A putative new idea for AI control; index here.
This is a simple extension of the model-as-definition and the intelligence module ideas. General structure of these extensions: even an unfriendly AI, in the course of being unfriendly, will need to calculate certain estimates that would be of great positive value if we could but see them, shorn from the rest of the AI's infrastructure.
It's almost trivially simple. Have the AI construct a module that models humans and models human understanding (including natural language understanding). This is the kind of thing that any AI would want to do, whatever its goals were.
Then take that module (using corrigibility) into another AI, and use it as part of the definition of the new AI's motivation. The new AI will then use this module to follow instruction humans give it in natural language.
Too easy?...
This approach essentially solves the whole friendly AI problem, loading it onto the AI in a way that avoids the whole "defining goals (or meta-goals, or meta-meta-goals) in machine code" or the "grounding everything in code" problems. As such it is extremely seductive, and will sound better, and easier, than it likely is.
I expect this approach to fail. For it to have any chance of success, we need to be sure that both model-as-definition and the intelligence module idea are rigorously defined. Then we have to have a good understanding of the various ways how the approach might fail, before we can even begin to talk about how it might succeed.
The first issue that springs to mind is when multiple definitions fit the AI's model of human intentions and understanding. We might want the AI to try and accomplish all the things it is asked to do, according to all the definitions. Therefore, similarly to this post, we want to phrase the instructions carefully so that a "bad instantiation" simply means the AI does something pointless, rather than something negative. Eg "Give humans something nice" seems much safer than "give humans what they really want".
And then of course there's those orders where humans really don't understand what they themselves want...
I'd want a lot more issues like that discussed and solved, before I'd recommend using this approach to getting a safe FAI.
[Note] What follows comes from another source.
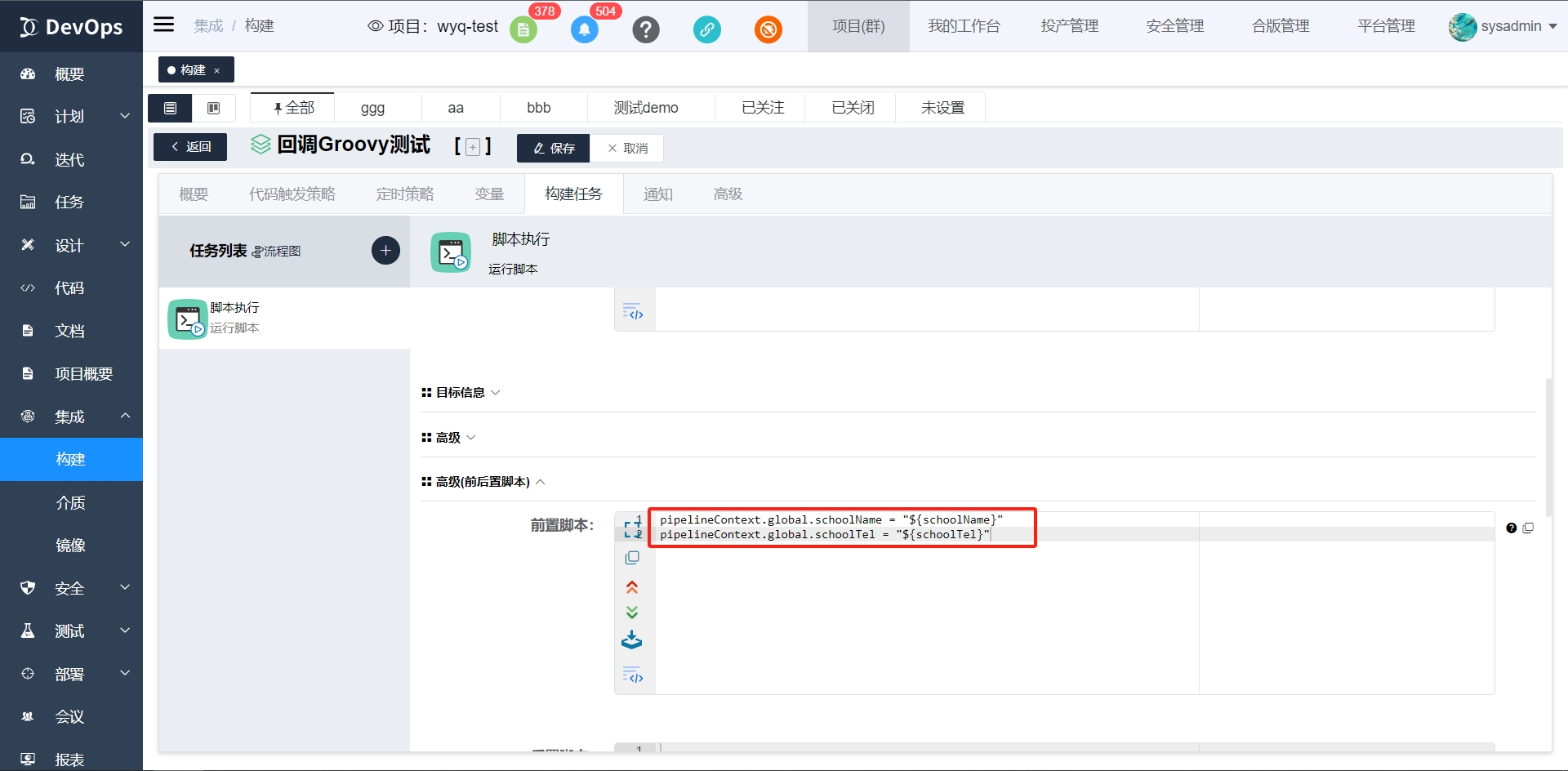 logger.info("************自带属性*****************") logger.info("projectId: ${projectId}") // 当前项目ID logger.info("currentUser: ${currentUser}") // 执行当前流水线的用户名 logger.info("currentDate: ${currentDate}") // 当前时间 logger.info("JsonUtil: ${JsonUtil}") // JSON工具实例 logger.info("logger: ${logger}") // logger日志实例 logger.info("helper: ${helper}") // WorkitemHandlerHelper实例 logger.info("************自带属性,Global中的属性*****************") logger.info("global: ${global}") logger.info("sourceBuildDefinitionName: ${global.sourceBuildDefinitionName}") // 当前构建定义名称 logger.info("sourceBuildDefinitionId: ${global.sourceBuildDefinitionId}") // 当前构建定义ID logger.info("sourceBuildInstanceId: ${global.sourceBuildInstanceId}") // 当前构建实例ID logger.info("sourceBuildInstanceNo: ${global.sourceBuildInstanceNo}") // 当前构建实例编号 logger.info("sourceInstanceStatus: ${global.sourceInstanceStatus}") // 当前流水线状态 logger.info("************自定义变量,从Global中获取*****************") logger.info("schoolName: ${global.schoolName}") logger.info("schoolTel: ${global.schoolTel}")执行结果

Let me play devil's advocate for this position.
How to specify goals at compile time is a technical question, but we can do some a priori theorizing as to how we might do it. Roughly, there are two high level approaches of how to go about it. Simple hard-coded goals, and goals fed in from more complex modules. A simple hard-coded goal might be something like current reinforcement learners were the reward signal is human praise (or, a simple to hard-code proxy for human praise such as pressing a reward button). The other alternative is to make a a few modules (e.g. one for natural language understanding, one for modeling humans) and "use it/them as part of the definition of the new AI's motivation.").
Responses to counterarguments:
4.1: needing to specify commands carefully (e.g. "give humans what they really want".).
The whole point of intelligence is being able to specify tasks in an ambiguous way (e.g. you don't have to specify what you want in such detail that you're practically programming a computer). An AI that actually wants to make you happier (since it's goals were specified at compile time using a module that models humans) will ask you what to clarify your intentions if you give it vague goals.
Some other thoughts:
It will be hard to accomplish this, since nobody knows how to go about building such modules. Modeling language, humans, and human values are hard problems. Building the modules is a technical question. But, it is necessary and sufficient to build the modules and feed them into the goal system of another AI to build a friendly AI. In fact, one could make a stronger argument that any AGI that's built with a goal system must have it's goal system specified with natural language modules (e.g. reinforcement learning sucks). Thus, it is likely that any built AGIs would be FAIs.
EDITED to add: Tool-AI arguments. If you can build the modules to feed into an AI with a goal system, then you might be able to build a "tool-AI" that doesn't a goal system. I think it's hard to say a priori that such an architecture isn't more likely than an architecture that requires a goal system. It's even harder to say that a tool-AI architecture is impossible to build.
In summary, I think the chief issues with building friendly AI are technical issues related to actually building the AI. I don't see how decision theory helps. I do think that unfriendly humans with a tool AI is something to be concerned about, but doing math research doesn't seem related to that (Incidentally, MIRI's math research has intrigued people like Elon Musk, which helps with the "unfriendly humans problem").